§ **ACTION ITEM**: Pictures stay out of this copy; please retype only the lines from the start of the records through the line with "Inside, the seller".
------------------------------------
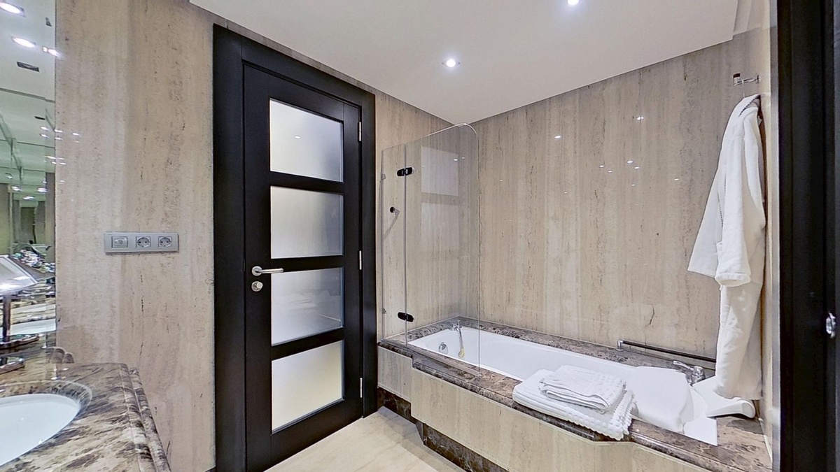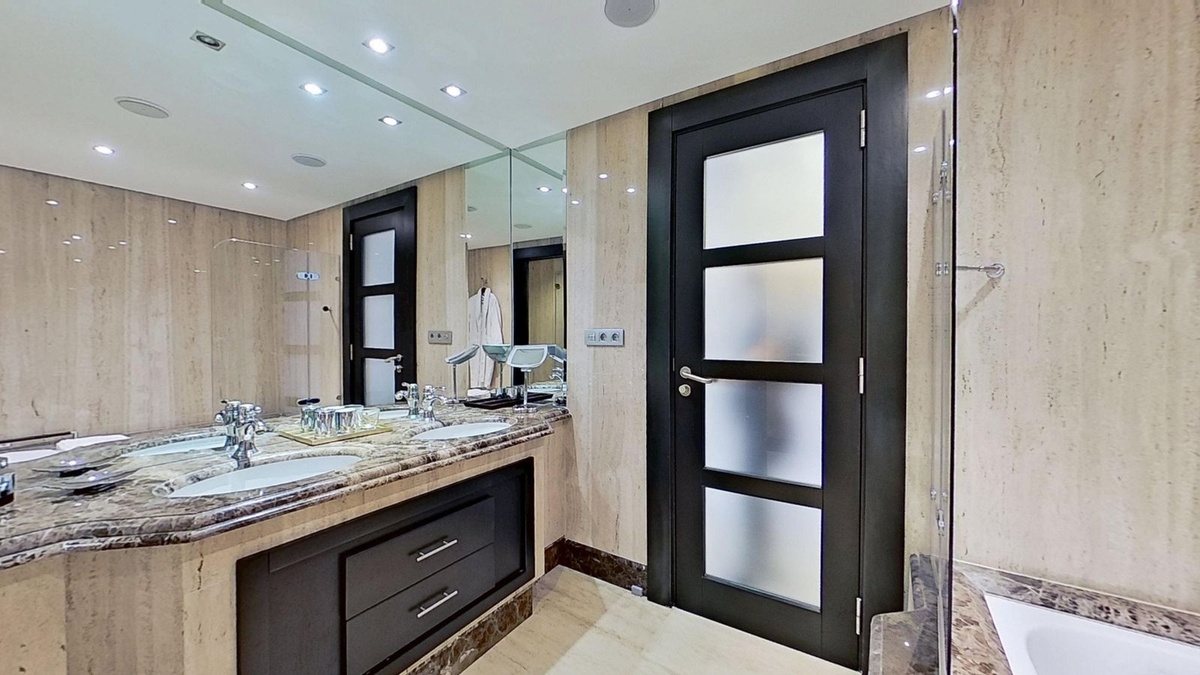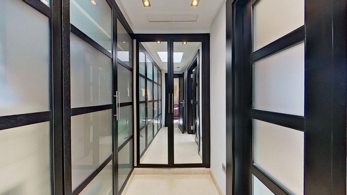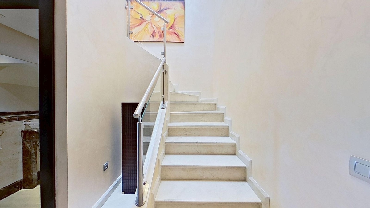 This large duplex apartment has three spacious en suite bedrooms, with build-in wardrobes. The master bedroom, located upstairs, has furthermore a private terrace. The finishings include cream marble floors, underfloor heating, and travertine marble bathrooms and sauna in the master bedroom. The property has been maticulously maintained and is well presented in all areas. In addition, the property has two ample garage spaces and a storeroom included in the price.
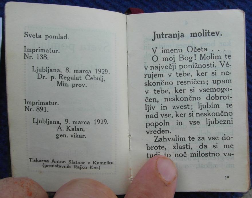 Molitvenik na slovenskom Sveta pomlad iz 1929 godine
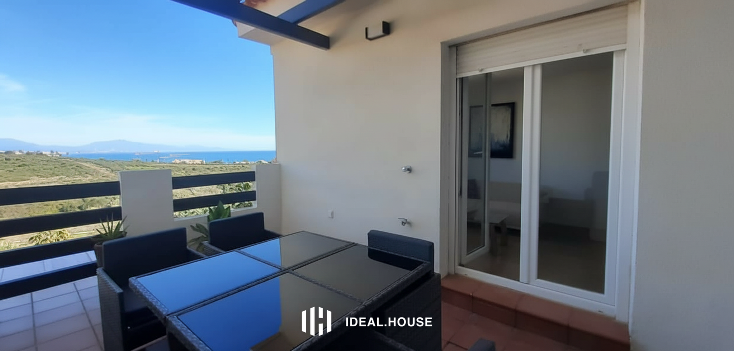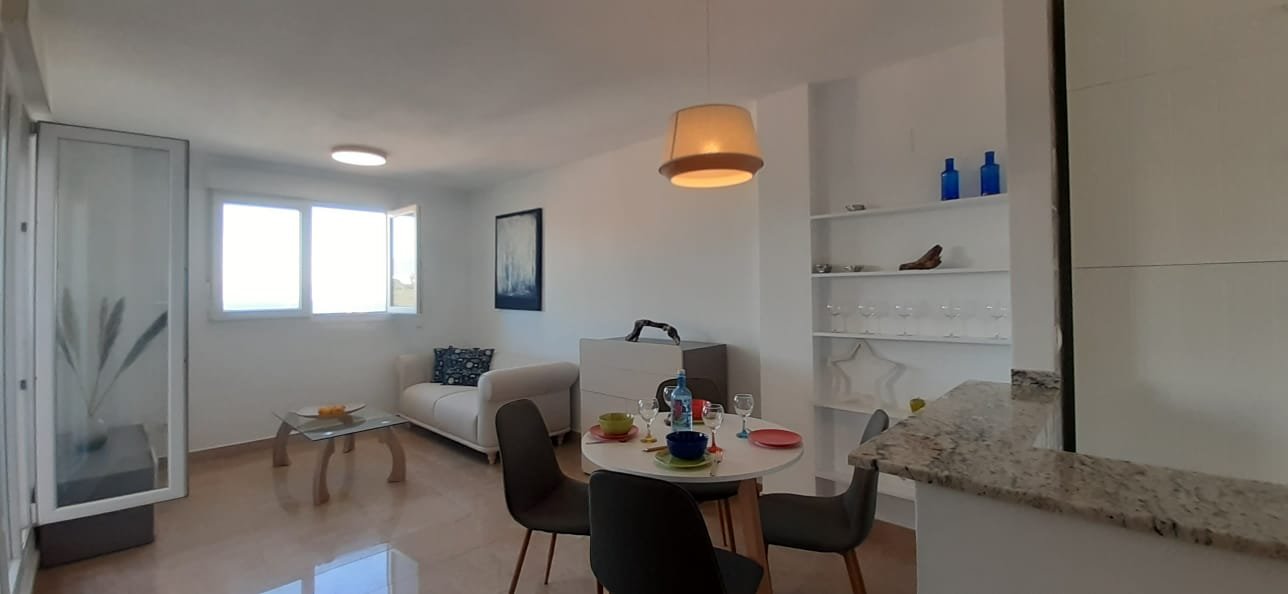 Desde el salón se disfrutan vistas despejadas a la urbanización y, al fondo, al mar. Además, tiene acceso directo a una terraza de 8 m² con preciosas vistas al Mediterráneo, un espacio perfecto para empezar el día con un café o relajarse al regresar a casa.
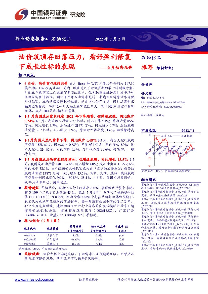 中国银河:石油化工6月动态报告:油价筑顶存回落压力,看好盈利修复下成长性标的表现.pdf
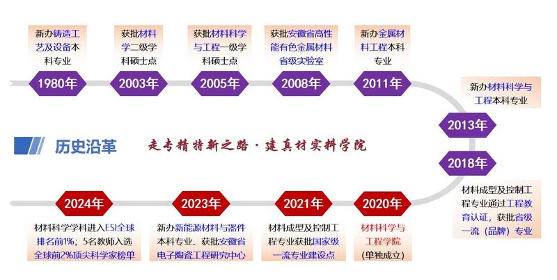 老澳门六合彩资料 本科教育肇始于1980年安徽机电学院机械系铸造工艺及设备专业,2020年7月由原机械与汽车工程学院材料科学与工程系独立建院。2003年,获批“材料学”二级学科硕士点;2005年获批“材料科学与工程”一级学科硕士点;2008年,获批“安徽省高性能有色金属材料省级实验室”;2018年,“材料成型及控制工程”入选“安徽省一流(品牌)专业”并通过工程教育专业认证;2021年,“材料成型及控制工程”获批国家级一流专业建设点;2023年,获批“安徽省电子陶瓷工程研究中心”;2024年,材料科学学科进入ESI全球排名前1%。
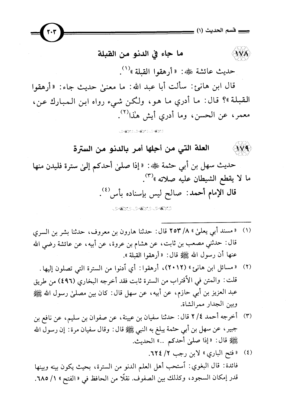 (¬2) "مسائل ابن هانئ" (2012)، أرهقوا: أي ادنوا من السترة التي تصلون إليها.
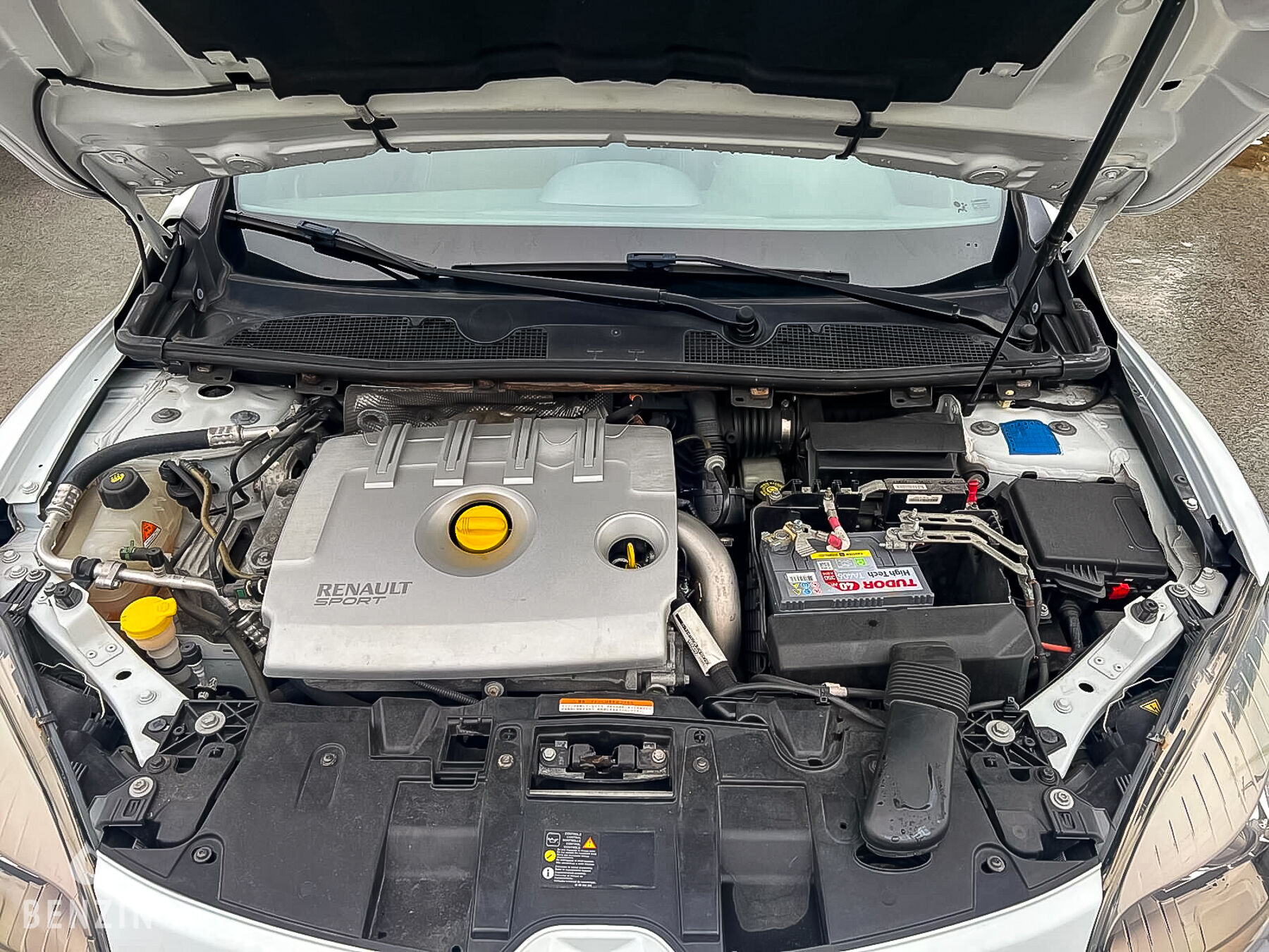 Inside, the seller states that the vehicle is in very good condition. The Recaro upholstery has no tears or holes. The steering wheel and dashboard are in very good condition. The on-board instrumentation and electrical equipment are in normal working order. This Renault comes with the following equipment:
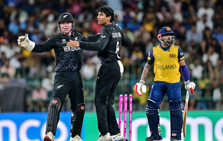 ব্যাটিংয়ে নেমে পঞ্চম ওভারের ভেতর ৩৪ রানে দুই ওপেনারকে হারায় কিউইরা। তৃতীয় উইকেটে রবীন্দ্র ও গ্লেন ফিলিপসের ব্যাটে সেই ধাক্কা সামাল দেয় তারা। দশম ওভারে ফিলিপসকে (১৮) বোল্ড করে ৪১ রানের এই জুটি ভাঙেন দুশমন্ত চামিরা। এরপরই ধস নামে নিউ জিল্যান্ডের ব্যাটিং-অর্ডারে।
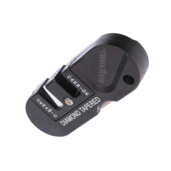 Точилото THREE IN ONE KNIFE SHARPENER има два предварително наточени камъка за заточване. Единият камък е керамичен, а другият е карбиден. Карбидното острие може да ви осигури бързо остър ръб, а керамичното острие може да ви осигури по-фин, остър като бръснач ръб. Освен това има сгъваема конусна пръчка с диамантено покритие за заточване на зъбци или малки кукички за риба. Острилката за ножове „три в едно“ е лека и включва отвор за ремък за лесно носене.
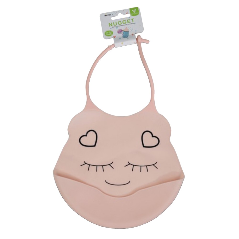 Cangaroo silicone nipple in pink. The gill has a pocket and is made of soft silicone. Protects baby's clothes from stains. Adjustable clip. Also, this gill has painted and some features of a girl accompanied by hearts.
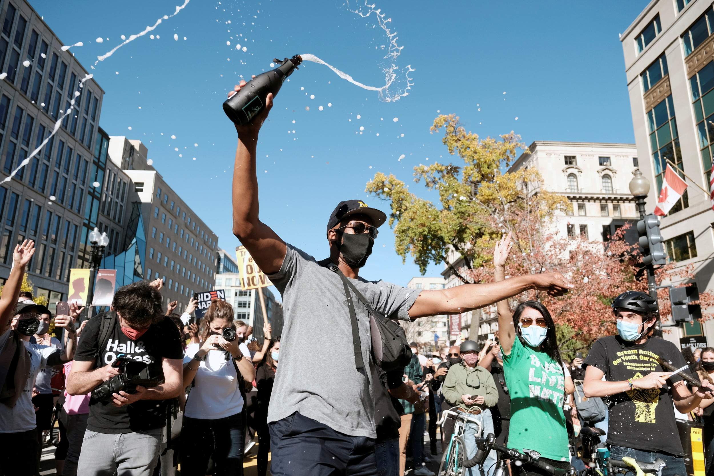 With Donald Trump in the nearby White House, thousands gather in Washington, DC streets to celebrate Joe Biden’s presidential win.
------------------------------------
§ **ANSWER TO THIS EXERCISE**:
 This large duplex apartment has three spacious en suite bedrooms, with build-in wardrobes. The master bedroom, located upstairs, has furthermore a private terrace. The finishings include cream marble floors, underfloor heating, and travertine marble bathrooms and sauna in the master bedroom. The property has been maticulously maintained and is well presented in all areas. In addition, the property has two ample garage spaces and a storeroom included in the price.
 Molitvenik na slovenskom Sveta pomlad iz 1929 godine
 Desde el salón se disfrutan vistas despejadas a la urbanización y, al fondo, al mar. Además, tiene acceso directo a una terraza de 8 m² con preciosas vistas al Mediterráneo, un espacio perfecto para empezar el día con un café o relajarse al regresar a casa.
 中国银河:石油化工6月动态报告:油价筑顶存回落压力,看好盈利修复下成长性标的表现.pdf
 老澳门六合彩资料 本科教育肇始于1980年安徽机电学院机械系铸造工艺及设备专业,2020年7月由原机械与汽车工程学院材料科学与工程系独立建院。2003年,获批“材料学”二级学科硕士点;2005年获批“材料科学与工程”一级学科硕士点;2008年,获批“安徽省高性能有色金属材料省级实验室”;2018年,“材料成型及控制工程”入选“安徽省一流(品牌)专业”并通过工程教育专业认证;2021年,“材料成型及控制工程”获批国家级一流专业建设点;2023年,获批“安徽省电子陶瓷工程研究中心”;2024年,材料科学学科进入ESI全球排名前1%。
 (¬2) "مسائل ابن هانئ" (2012)، أرهقوا: أي ادنوا من السترة التي تصلون إليها.
 Inside, the seller states that the vehicle is in very good condition. The Recaro upholstery has no tears or holes. The steering wheel and dashboard are in very good condition. The on-board instrumentation and electrical equipment are in normal working order. This Renault comes with the following equipment:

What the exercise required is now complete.